EXERCISE OBJECTIVE:
The data below should be restated word for word, pictures omitted.

COLLECTED DATA:
******

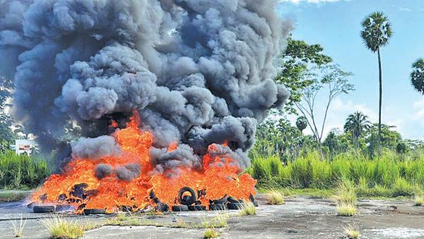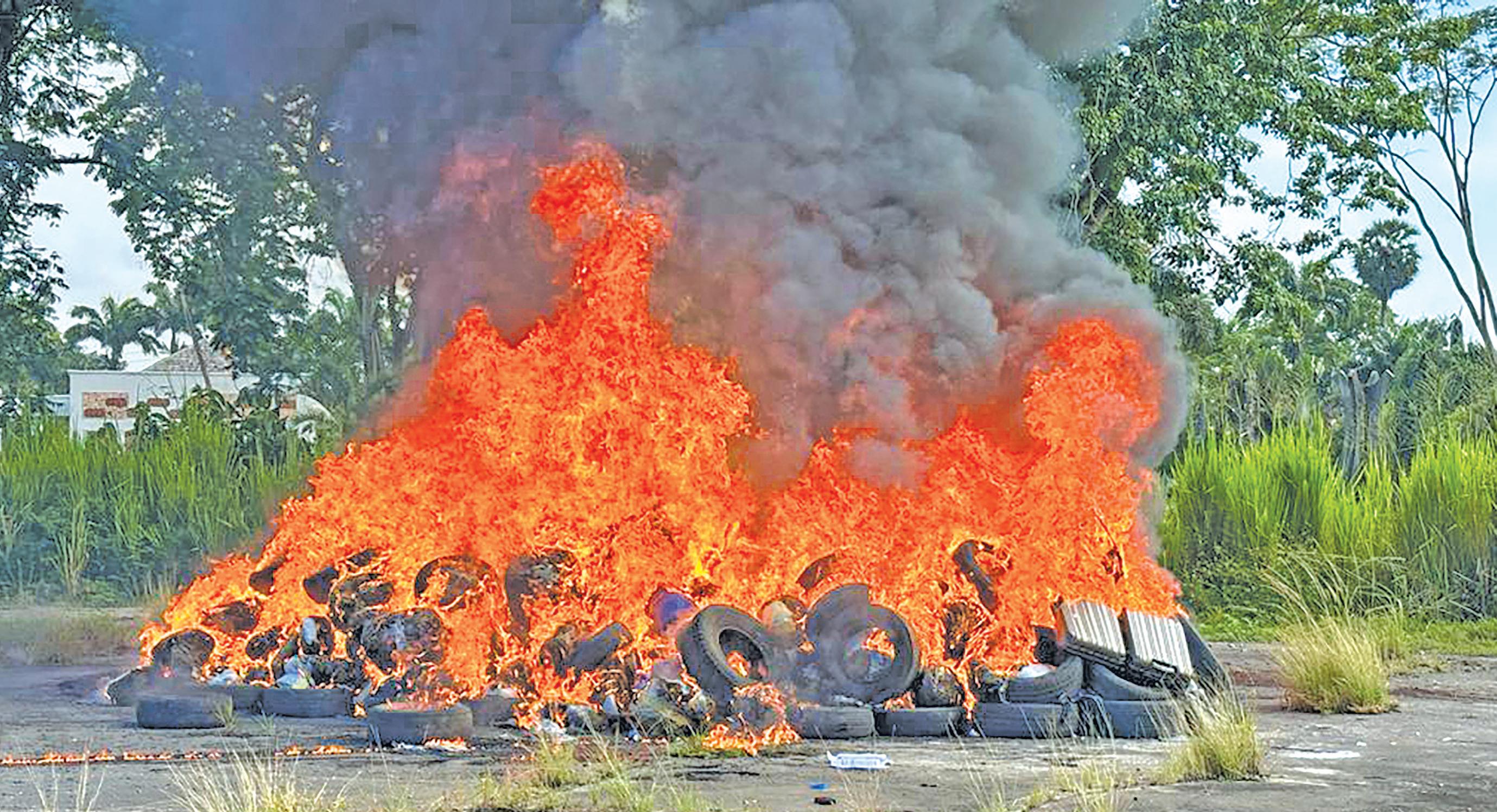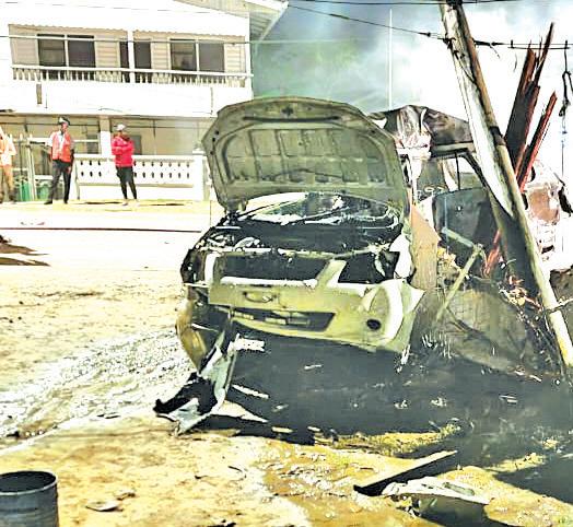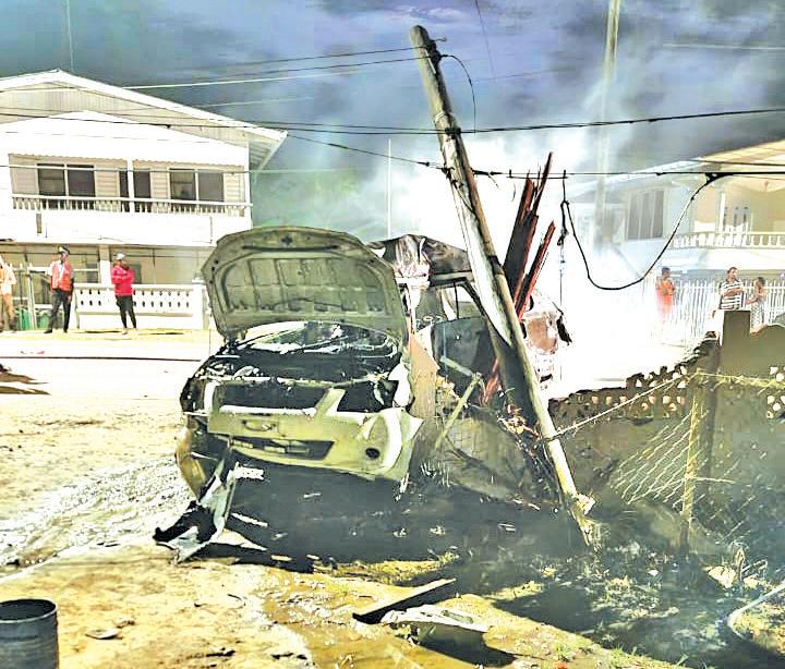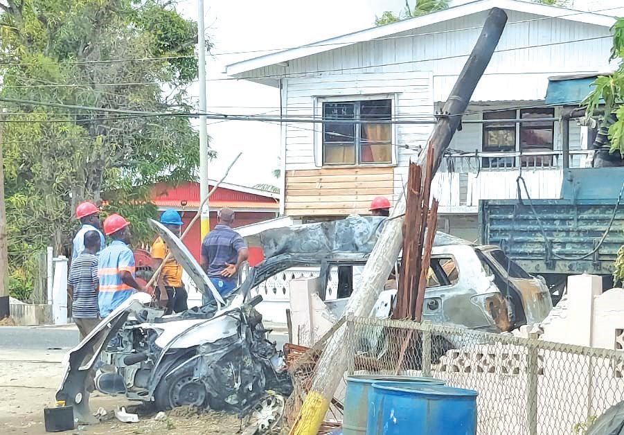 A fire tender from the Mahaica Fire Station responded to the scene and put out the blaze. As a result of the impact, the telephone and electric cables were destroyed.
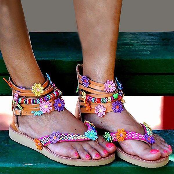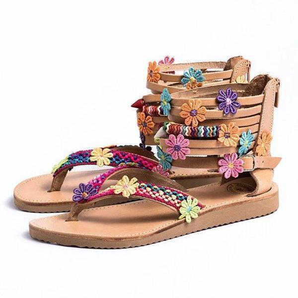 Women Summer Large Size Bohemian Zipper Flowers Handmade Beads Flat Sandals
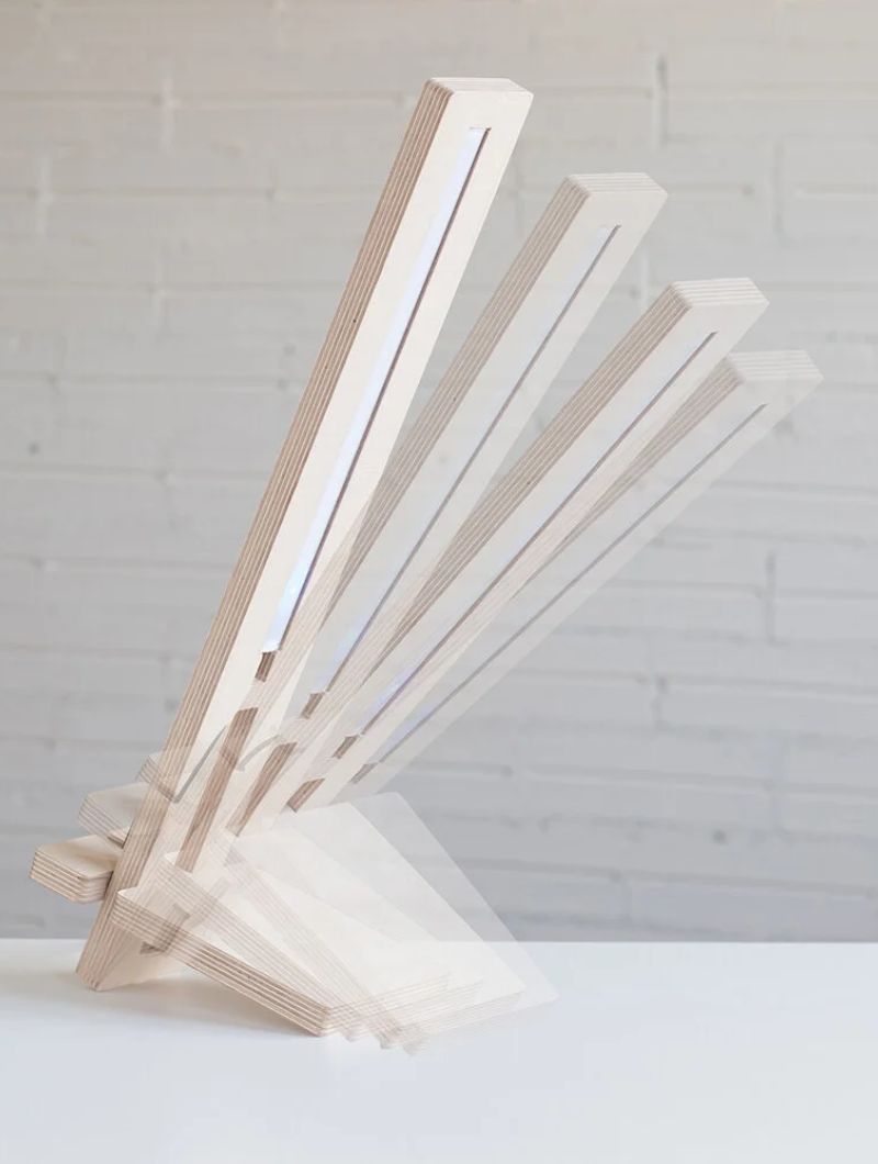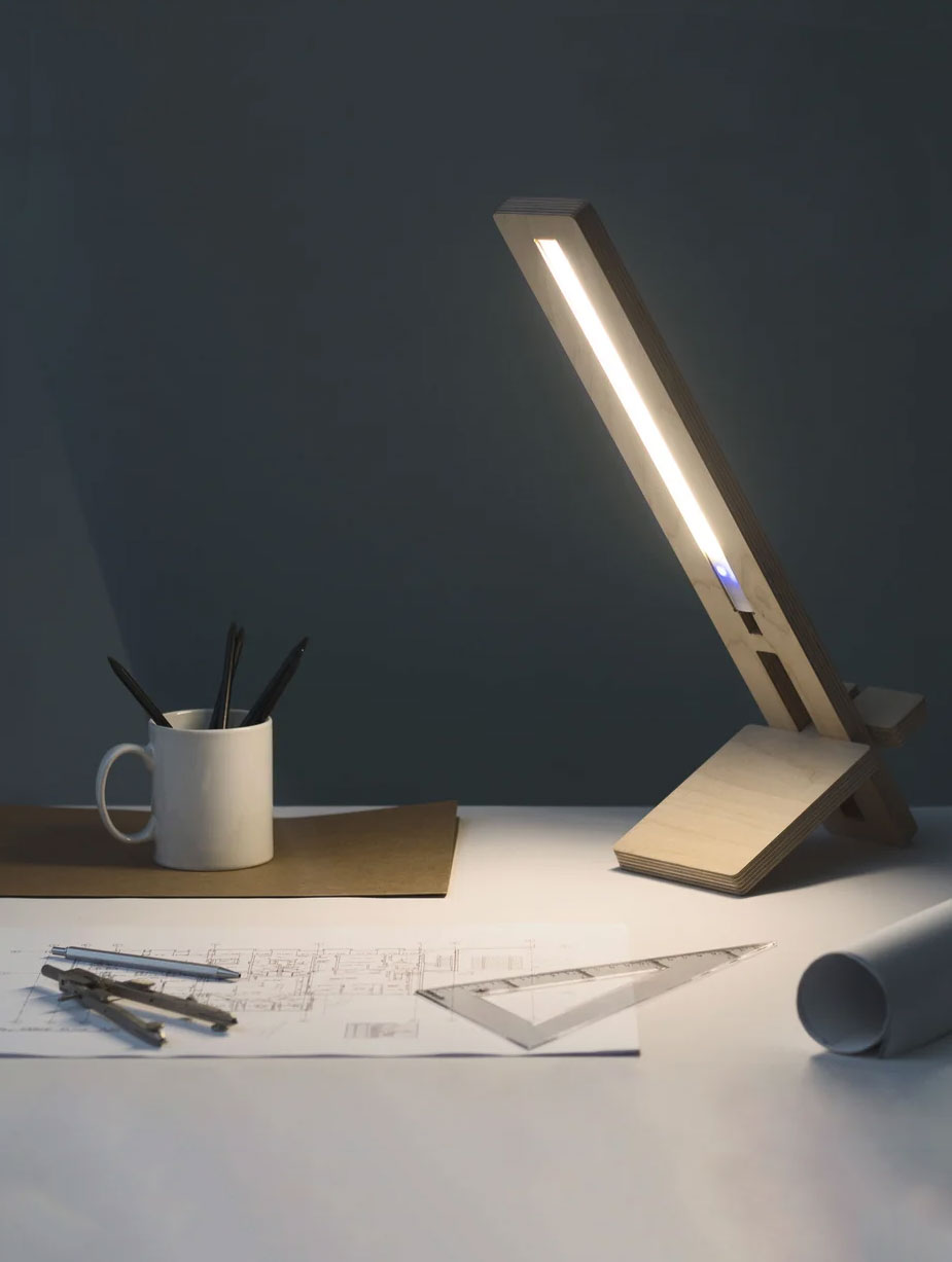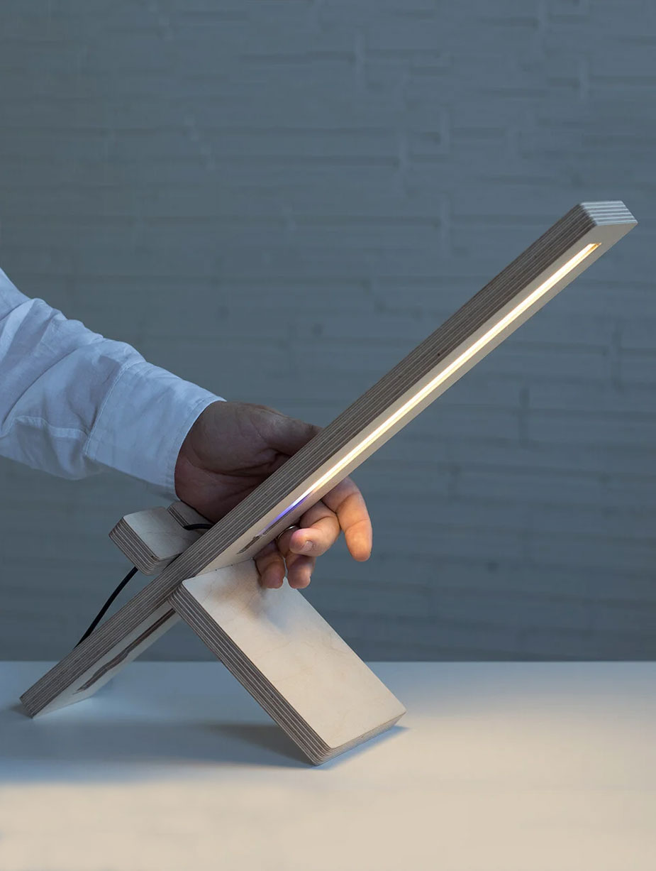 Lámpara de mesa de diseño sencillo y cálido, fabricada íntegramente en madera de abedul. Su estructura desmontable está formada por dos piezas encajables y un brazo que puede inclinarse para ajustar la dirección de la luz.

******

REPLY:
 A fire tender from the Mahaica Fire Station responded to the scene and put out the blaze. As a result of the impact, the telephone and electric cables were destroyed.
 Women Summer Large Size Bohemian Zipper Flowers Handmade Beads Flat Sandals
 Lámpara de mesa de diseño sencillo y cálido, fabricada íntegramente en madera de abedul. Su estructura desmontable está formada por dos piezas encajables y un brazo que puede inclinarse para ajustar la dirección de la luz.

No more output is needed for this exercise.